Graft function and incidence of cardiac allograft vasculopathy in donation after circulatory-determined death heart transplant recipients

Caitlin Cheshire et al. Am J Transplant. 2023 Oct.
Free article

Abstract

Experience in donation after circulatory-determined death (DCD) heart transplantation (HTx) is expanding. There is limited information on the functional outcomes of DCD HTx recipients.
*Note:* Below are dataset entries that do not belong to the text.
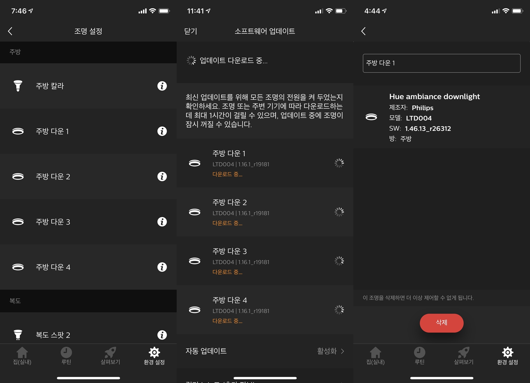 소프트웨어 업데이트를 통하여 전구의 펌웨어도 최신 버전으로 올리고,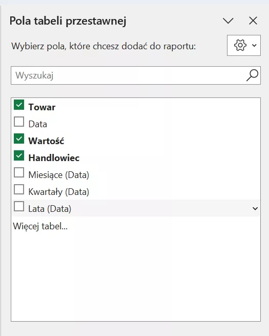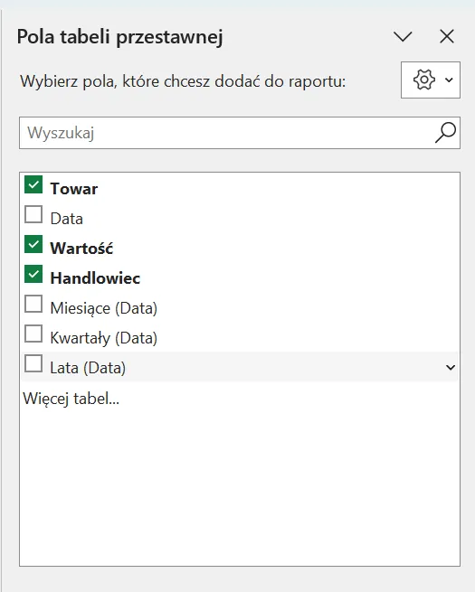 Załóżmy dalej, że tą tabelę przestawną chcemy przefiltrować wg miesięcy, w których nastąpiło zamówienie. W pierwszej kolejności musimy mieć na liście pól tabeli przestawnej pole Miesiące. Aby tak się stało, wystarczy, że dodasz np. do obszaru wierszy pole Data. Wtedy daty automatycznie zgrupują się w lata, kwartały i miesiące i na liście pól tabeli przestawnej będzie to wyglądać następująco: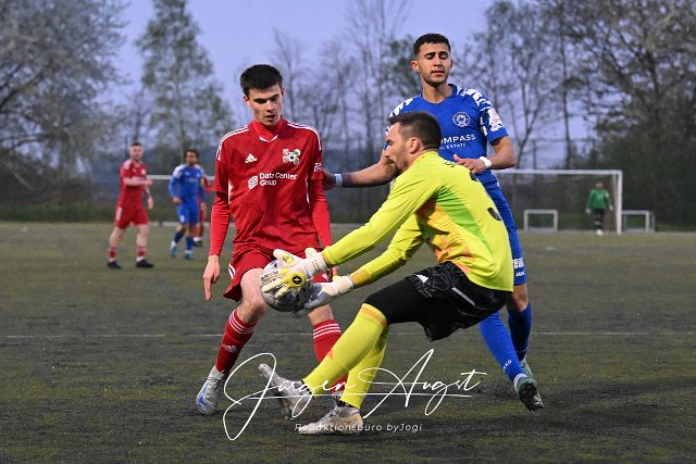 Fussball, Rheinlandliga, SG Malberg (rot) vs. FC Cosmos Koblenz (blau), 17.04.2025 |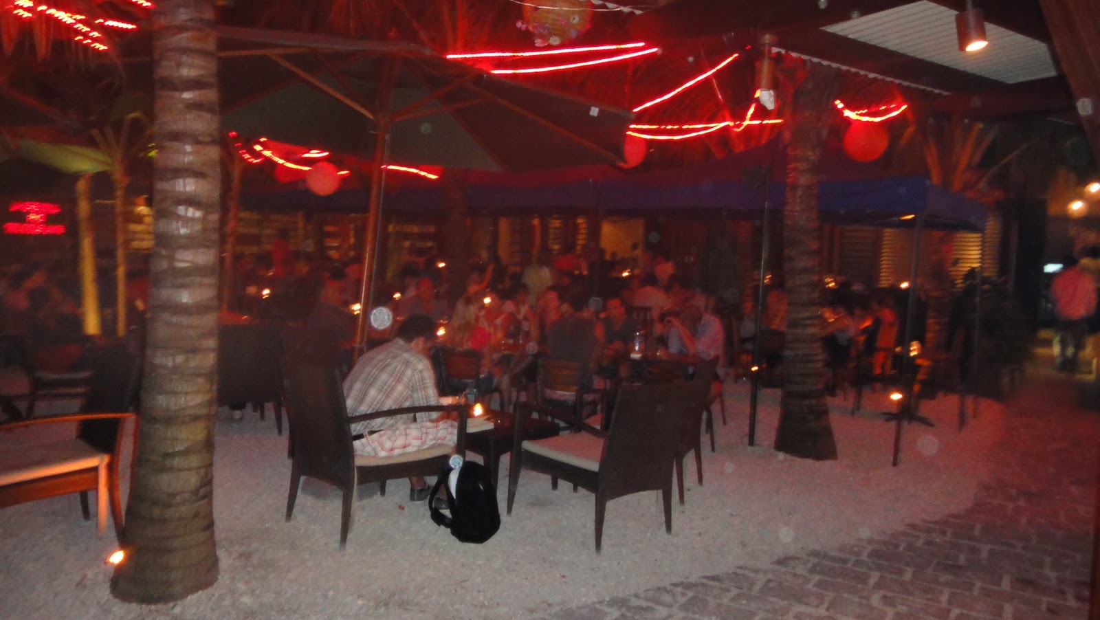 Nach dem Essen laufen wir wieder am Strand entlang zurück in die Kneipe, die wir schon am Mittag besucht haben. Inzwischen ist es gerammelt voll und wir setzen uns direkt an die Bar. Der Weißwein schmeckt ein bisschen nach Sprit, was sich durch Verdünnen mit Eiswürfeln einigermaßen verschleiern lässt. Das Wireless Lan ist kostenlos und viel schneller als im Hotel. Ich kann sogar einen Videoclip runterladen, den mir Nobi geschickt hat. Danke, wir haben sehr gelacht!

We sought to evaluate functional outcomes in our cohort of DCD recipients. We performed a single-center, retrospective, observational cohort study comparing outcomes in consecutive DCD and donation after brain death (DBD) HTx recipients between 2015 and 2019. Primary outcome was allograft function by echocardiography at 12 and 24 months. Secondary outcomes included incidence of cardiac allograft vasculopathy, treated rejection, renal function, and survival. Seventy-seven DCD and 153 DBD recipients were included. There was no difference in left ventricular ejection fraction at 12 months (59% vs 59%, P = .57) and 24 months (58% vs 58%, P = .87). There was no significant difference in right ventricular function at 12 and 24 months. Unadjusted survival between DCD and DBD recipients at 5 years (85.7% DCD and 81% DBD recipients; P = .45) was similar. There were no significant differences in incidence of cardiac allograft vasculopathy (odds ratio 1.59, P = .21, 95% confidence interval 0.77-3.3) or treated rejection (odds ratio 0.60, P = .12, 95% confidence interval 0.32-1.15) between DBD and DCD recipients. Post-transplant renal function was similar at 1 and 2 years. In conclusion, cardiac allografts from DCD donors perform similarly to a contemporary population of DBD allografts in the medium term.

Keywords: cardiac allograft function; cardiac allograft vasculopathy; donation after circulatory-determined death; heart transplantation.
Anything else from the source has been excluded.